About 300,000 pro-Palestinian protesters marched to call for a ceasefire, in the biggest UK rally since the Israel-Gaza war began. […]

BBC reporters at the protest said the rally appeared largely peaceful. […]

On the pro-Palestinian march, chants of “free Palestine” and “ceasefire now” could be heard as crowds began marching from London’s Hyde Park.”

Apparently those “BBC reporters at the protest” somehow happened to miss the calls for “death to all Jews” and the annihilation of Israel, the praise for Hitler, the antisemitic chants, slogans and imagery, the presence of Hamas supporters and the antisemitic pamphlets.

Towards the end of the BBC’s report readers find a vague account of part of a statement from the Metropolitan Police:

“The Met was also looking for three individuals it suspects of antisemitic hate crimes during Saturday’s protest.

One shows a woman carrying a placard on which the Jewish symbol, the star of David, is shown to incorporate a Swastika.

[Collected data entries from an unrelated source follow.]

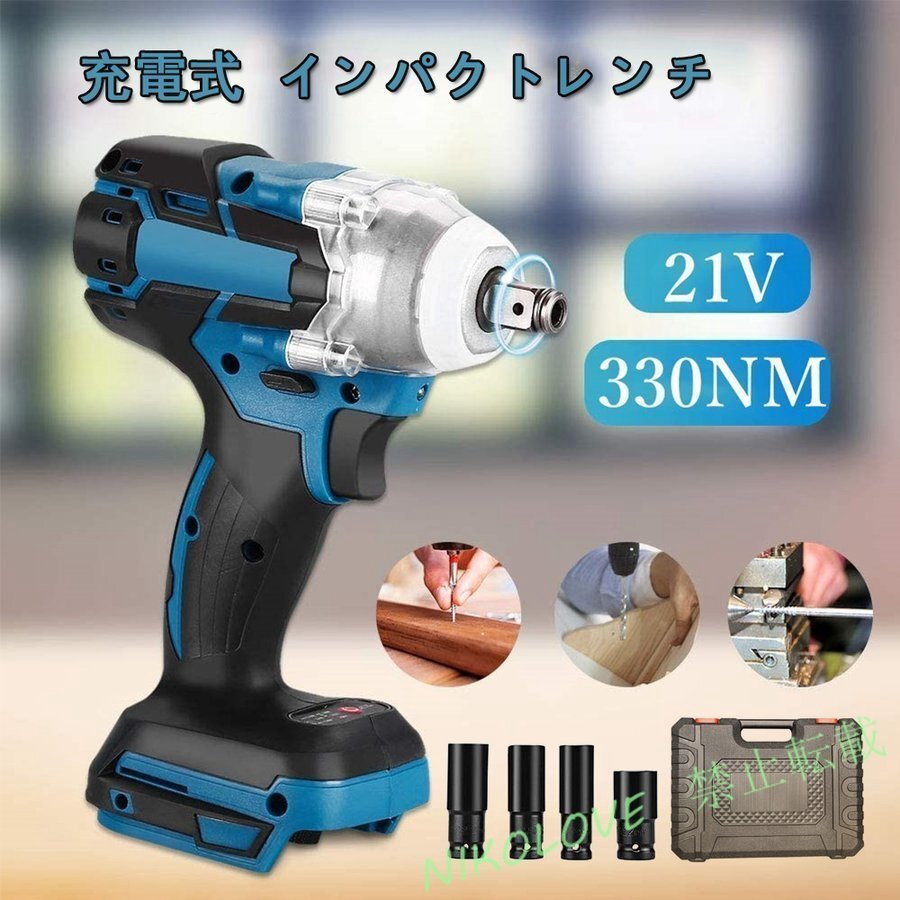- 新品 インパクトレンチ タイヤ交換 電動充電式 ブラシレスレンチ マキタ 18Vバッテリー互換 無段変速 正逆転両 最大トルク300N.m LB338
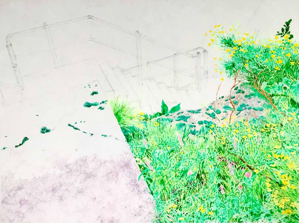 Définir le contenu latent des alentours is an idea born out of hundreds of contemplative walks in the city of Chicoutimi and the subsequent intention to explore the vast and elusive territory of memory. How does the immediate surroundings influence one’s visual imagination? What traces does it imprint on one’s mind? And then, what memory is kept or lost and how does the fragments come together? In an attempt to answer these questions, a series of urban perambulations was set up, each of them followed by a session of sketching focusing on architectural shapes. Elements of the drawings were later selected to generate four bas-reliefs. Assembled, the fragments (sometimes recognizable, sometimes not) appear as whole and new architectural entities. They become an autonomous representation of an original world, giving significance to an underlying content.
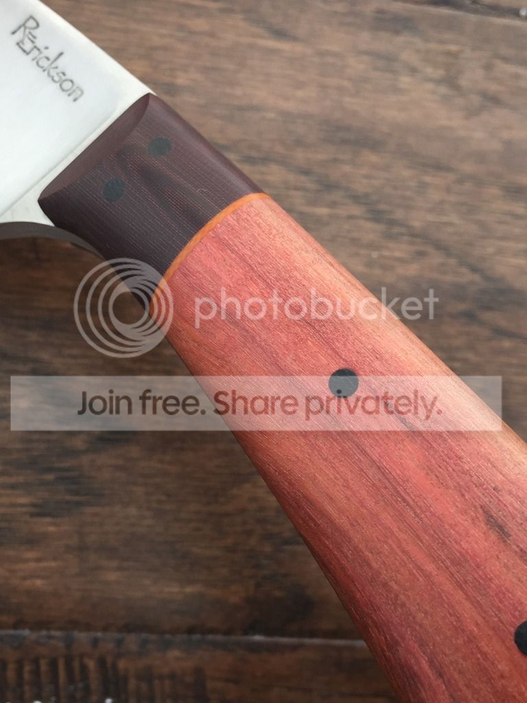 The first one is a re-post of a hunter I did last month. It's AEB-L steel and African Blackwood handles. It's full flat ground and sharpened to 17 DPS. The blade is 0.13" AEB-L heat treated to RC61 by Peter's. The liners are black and white G10. It has bronze pins and a carbon fiber lanyard tube. A leather sheath is included.
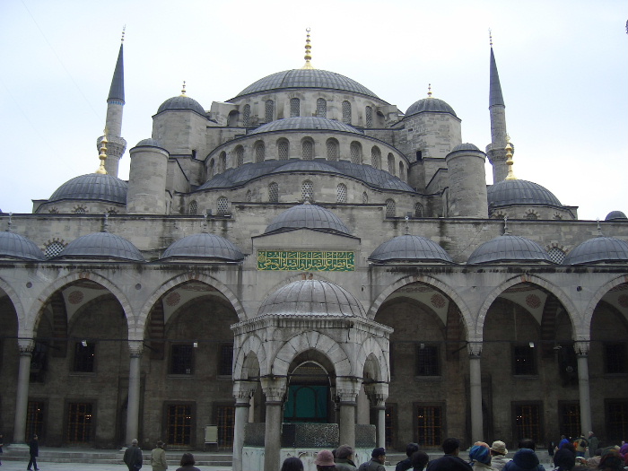 ブルーモスクの中庭で説明を聞きながら、見上げる、なんと大きい
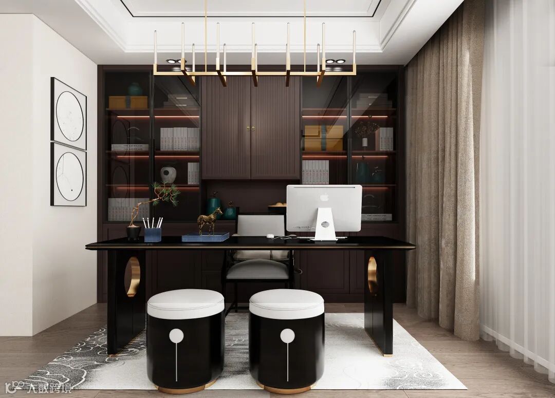新中式的设计则将对称对称之美融入书椅设计,就像一幅对仗工整的诗,均衡又和谐。
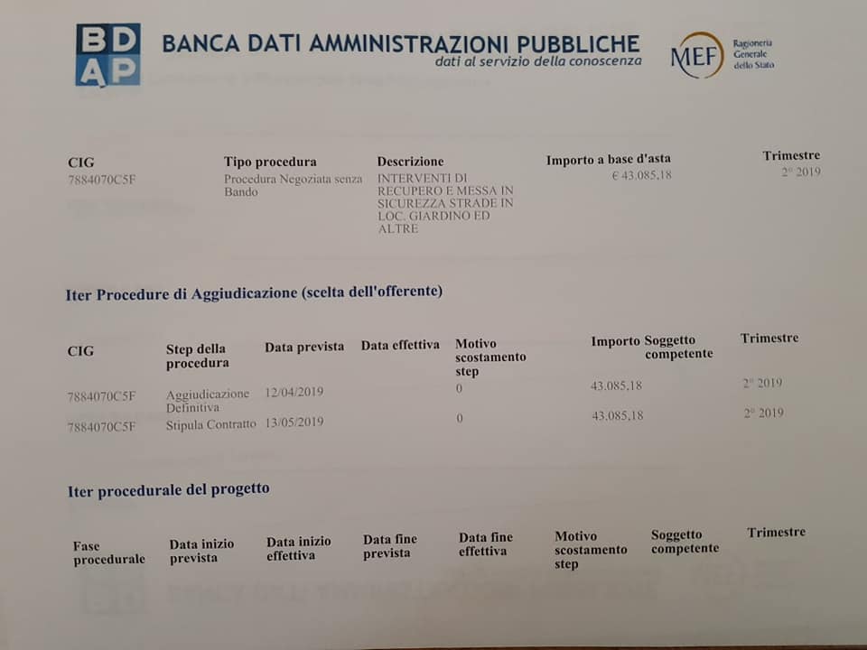 Il Sindaco Vincenzo d'Ercole di Castiglione Messer Raimondo, si vede "costretto a rispondere" e "rassicurare" i cittadini, con una nota sul social, per precisare che "i lavori relativi alla messa in sicurezza del territorio, con risorse concesse dal governo nazionale, e che dovevano essere affidati entro il 15 maggio 2019, sono stati affidati nel rispetto dei termini e sono stati già conclusi".
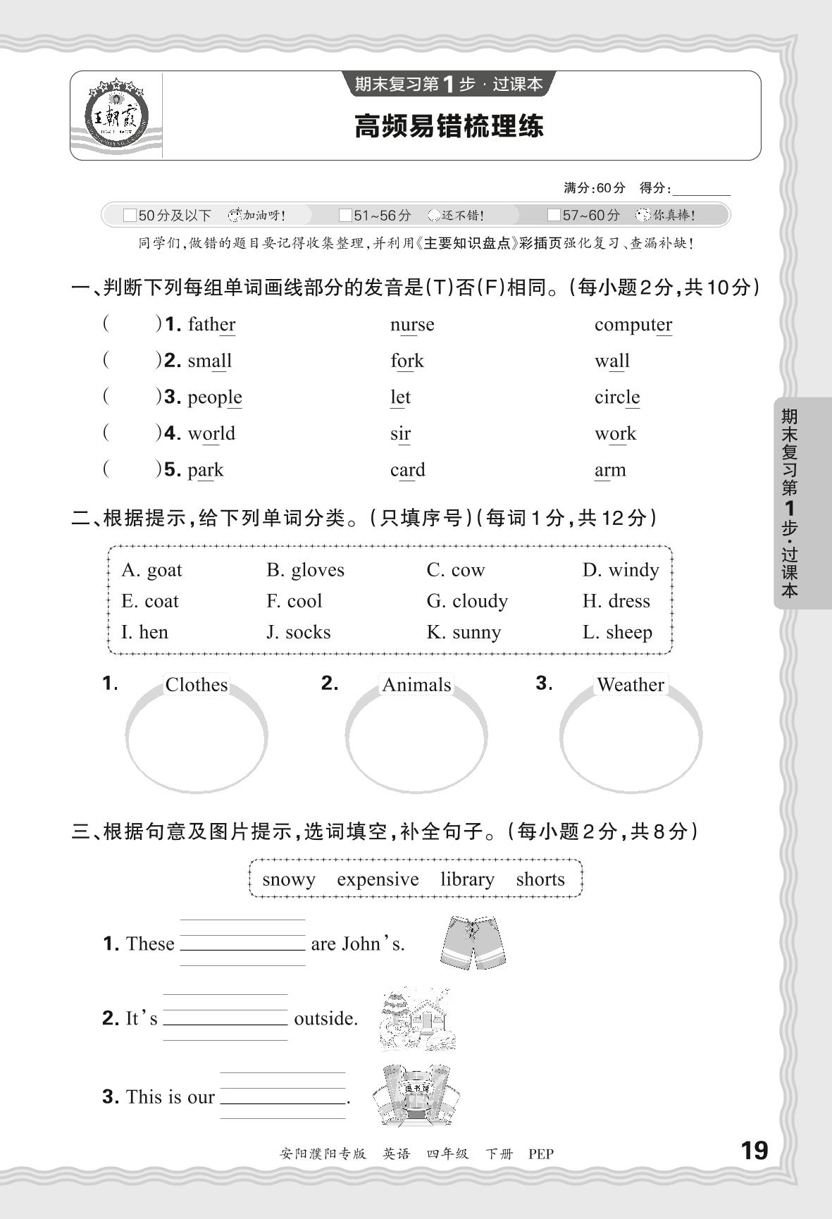 2024春下册四年级英语人教PEP版 期末过课本安阳濮阳版·高频易错梳理练
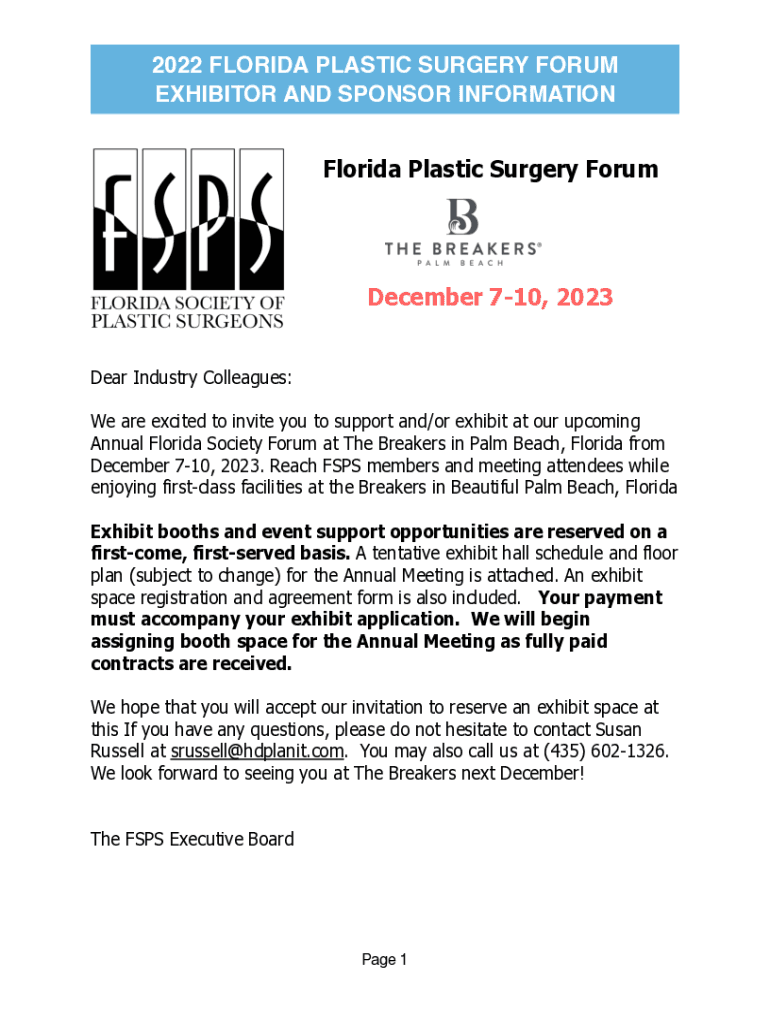 Florida Plastic Surgery Forum December 710, 2023 Dear Industry Colleagues: We are excited to invite you to support and/or exhibit at our upcoming Annual Florida Society Forum at The Breakers in Palm

Two other men are shown in photographs apparently taken during the march.”

The BBC refrained from informing its readers that the “two other men” were wearing Hamas-style headbands and failed to mention that the police are also looking for a woman who carried a racist placard as well as others.

The BBC’s written report also fails to mention the use of fireworks by protestors or the intimidation of Jewish families leaving a synagogue.

In addition, the BBC News website published filmed reports titled ‘Michael Gove surrounded by pro-Palestinian protestors shouting ‘shame on you’’ and ‘Massive crowds in London demand ceasefire’.

BBC audiences have of course long been used to seeing the BBC downplay antisemitism at anti-Israel demonstrations in the UK:

HOW DID BBC NEWS COVER THIS SUMMER’S ANTI-ISRAEL DEMONSTRATIONS IN THE UK?

BBC NEWS CONTINUES TO IGNORE ANTISEMITISM AT UK ‘PRO-PALESTINIAN’ RALLIES

What is different this time, however, is that the BBC is no longer confining itself to denying its audiences information crucial to their understanding of the real agendas and motivations of such anti-Israel protests. Now BBC audiences are seeing the corporation has chosen to take an active stance by whitewashing an antisemitic slogan, offering advice to anti-Israel protesters on their legal rights and advertising the times and locations of anti-Israel demonstrations.

The BBC really does seem to be determined to compromise whatever is left of its reputation as an ‘impartial’ broadcaster.